A large factor in the computation time for this data is the reading of the file into memory and parsing it. The following code is used to read in a file:

inputData data;
std::ifstream fIn(PATH + FILEPREF + letterScan);
while (fIn >> data.name >> data.year >> data. occurrences >> data.volcount) {
	...
}

And the inputData structure is defined as:

struct inputData {
	std::string name;
	int year;
	double occurrences;
	unsigned long long volcount;
};

This cannot be optimized very much. Even the C++ Boost Library does not provide much of a boost to the speed. This is mainly because of parsing the numbers. Precompiling the data into a smaller format circumvents this problem, by only requiring the intensive parsing to only be run once, allowing for easier tweaking of other parts of the code later on. The total size of all the Google data is almost 30 gigabytes, while the compiled data is just a mere 450 megabytes. The N-gram data for "0'9" is 168 lines, but with precompiling it is compressed down to just one line, as shown in Figure 3.

	0'9	7.48321e-09	43	19482936409

Figure 3

I had a small bug early in the writing of the code, where I accidentally weighed the frequencies in the wrong direction, weighing ancient frequencies much more than today's frequencies, which yielded some interesting results. While words like "The", "God", and "It" remained much the same in terms of frequency, some other words were reported as much more common. Examples are words like "Presbyters", "Michelangelo", and "Vasari" (See Appendix D). A lot of words you might find in 17th and 18th century texts appear at the top of the list like "Committee", "Lord", "Parliament", "Medals", and "Viator" also appeared near the top due to the incorrect weights.

The most significant optimization is allowing the program to utilize almost all of the CPU by multithreading the application. Since the bottleneck is caused by the parsing of each row of data itself, this optimization also allows more of the available hard drive read/write speed to be used. My computer has an Intel 6th generation core i7 processor, with 4 physical cores and 8 virtual cores.

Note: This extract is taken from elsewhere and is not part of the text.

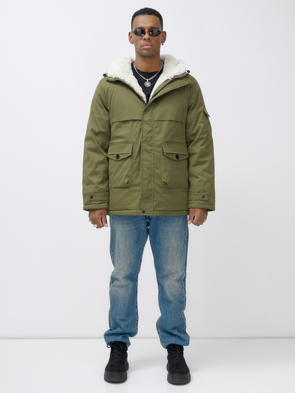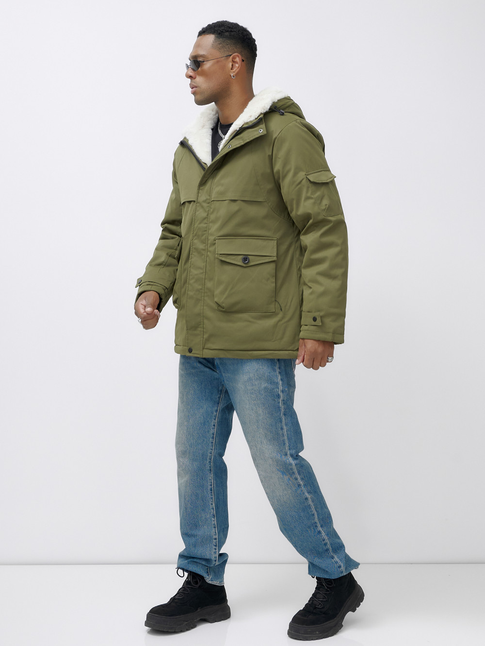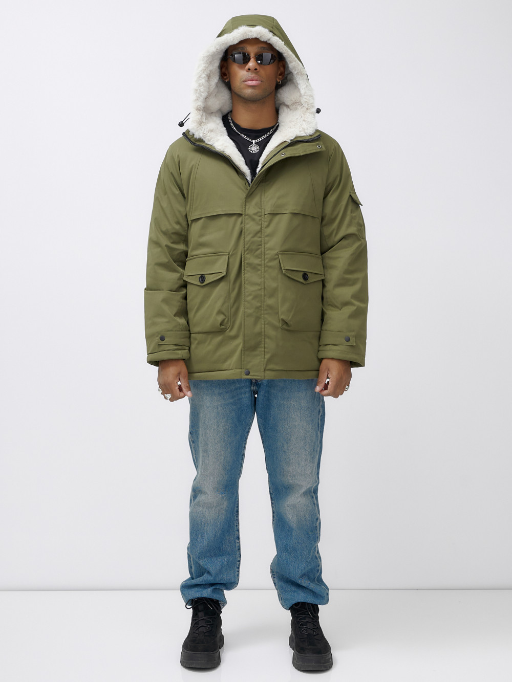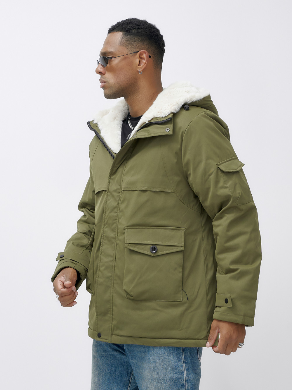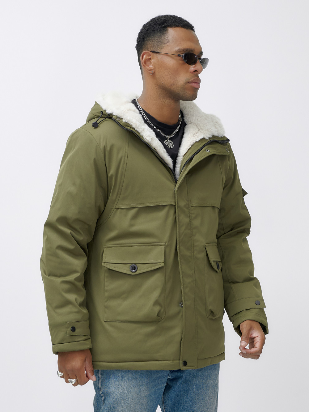 Парка мужская зимняя удлиненная с мехом хаки цвета 8757Kh
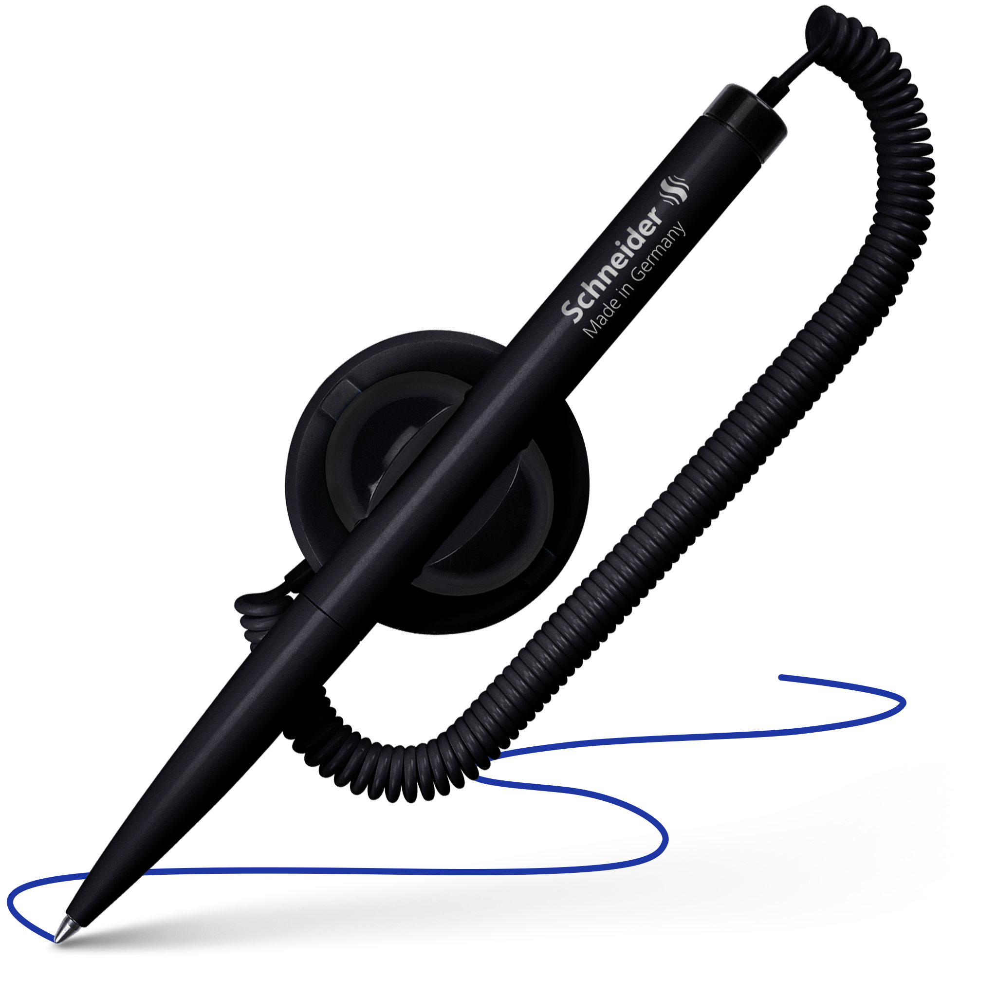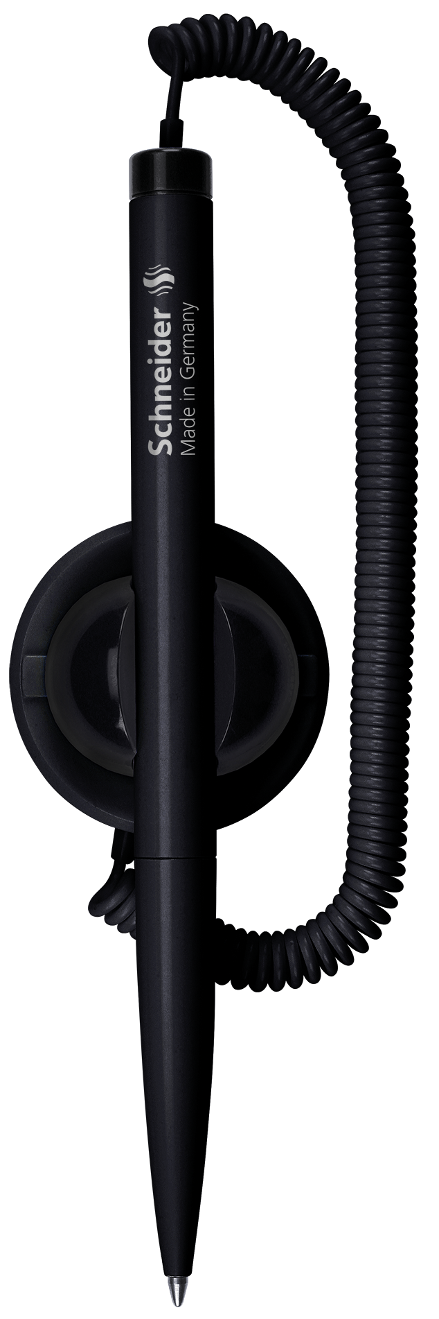Ballpoint pen with expandable cord and pen holder. Ideal for places where a ballpoint pen is required at a particular location, e.g. at a cash desk, by the telephone, in the car, etc. The Klick-Fix is self-adhesive and its jaws can be turned to any required position. Writing colour black. With replaceable refill Express 775 Medium (M). Waterproof according to ink standard ISO 12757-2. The wear-resistant stainless steel tip guarantees that the large ink supply can be fully used and does not smear.

When multithreading the application, the program will only use 7 threads, one for each virtual core, leaving 1 core for the system and other processes on my computer, as follows:

// assignment lock
std::mutex Lock;
// Number of processing threads
const int NUMTHREADS = 7;
// Keep track of threads
std::vector<std::thread> threads(NUMTHREADS);
// ...
void Preprocess(std::string name, int delay) {
	// Avoid coordination issues by staggering
	Sleep(delay * 1);
	// Create a bank of data which we will output to the preprocess file
	std::vector<worddata> localWordBank;
	// Until we have processed every file, get a new one an process it
	while (true) {
		// ... Read each file line by line and process it
	}
	std::cout << name << " ending - no more assignments" << std::endl;
}
// ...
int main()
{
	// ... 
	for (int i = 0; i < NUMTHREADS; i++) {
		threads[i] = std::thread(Preprocess, "T" + std::to_string(i), i);
	}
}

And of course, the threads have to be coordinated, so each thread processes a new N-gram file:

class threadCoordinator {
public:
	static char getAssignment() {
		if (FileIndex == FileIndex _len) {
			// We have reached the end, finally. Tell the threads to die quietly.
			return '-';
		}
		// Return next data file in queue, and increment afterwards so that a new file is queued 
		return FileIndexes[FileIndex++];
	}
};

After precompiling, the data can now be worked with much more easily, making the process of analyzing the code more straightforward to work with. Processing the data to find out the frequency of N-grams is one thing, but verifying that the N-grams are words is a completely different story. One method which I explored was verifying if an N-gram was a word based off the vowel-to-consonant ratio. That method is reasonable and filters out many non-words. However, it is not even close to 100% accurate, and it does not account for the odd word in another language or semi-random strings of characters that could be caused by Optical Character Recognition (OCR) error. The optimal solution is to use an English wordlist, and check if each N-gram is present in the wordlist. This is a much better solution because at least every N-gram in the output file will be a word. The only potential error with a wordlist would be caused by missing words in the wordlist; however, this is fairly unlikely. I am using an alphabetized wordlist that I compiled a year or two ago as a side project, which contains over 293,000 words. Since the wordlist is alphabetized, the process of checking if N-grams are words can be optimized significantly by using a binary search algorithm. The binary search algorithm places a cursor at the middle of the dictionary, checks if the N-gram should be above or below it, then repeats with the smaller chunk. A standard search algorithm would have to go through the dictionary one item at a time and check for equality, with a worst-case scenario of $O(N)$, where $N$ is the total number of items in the array. A binary search algorithm, on the other hand has a worst-case scenario of $O(\lfloor log_2 N\rfloor+1)$, meaning that the worst-case scenario for a wordlist of 293,000 is only 19 comparisons. About 50% of the 1-grams that are words will take 19 comparisons to verify, however that is still significantly better than searching every word in the wordlist.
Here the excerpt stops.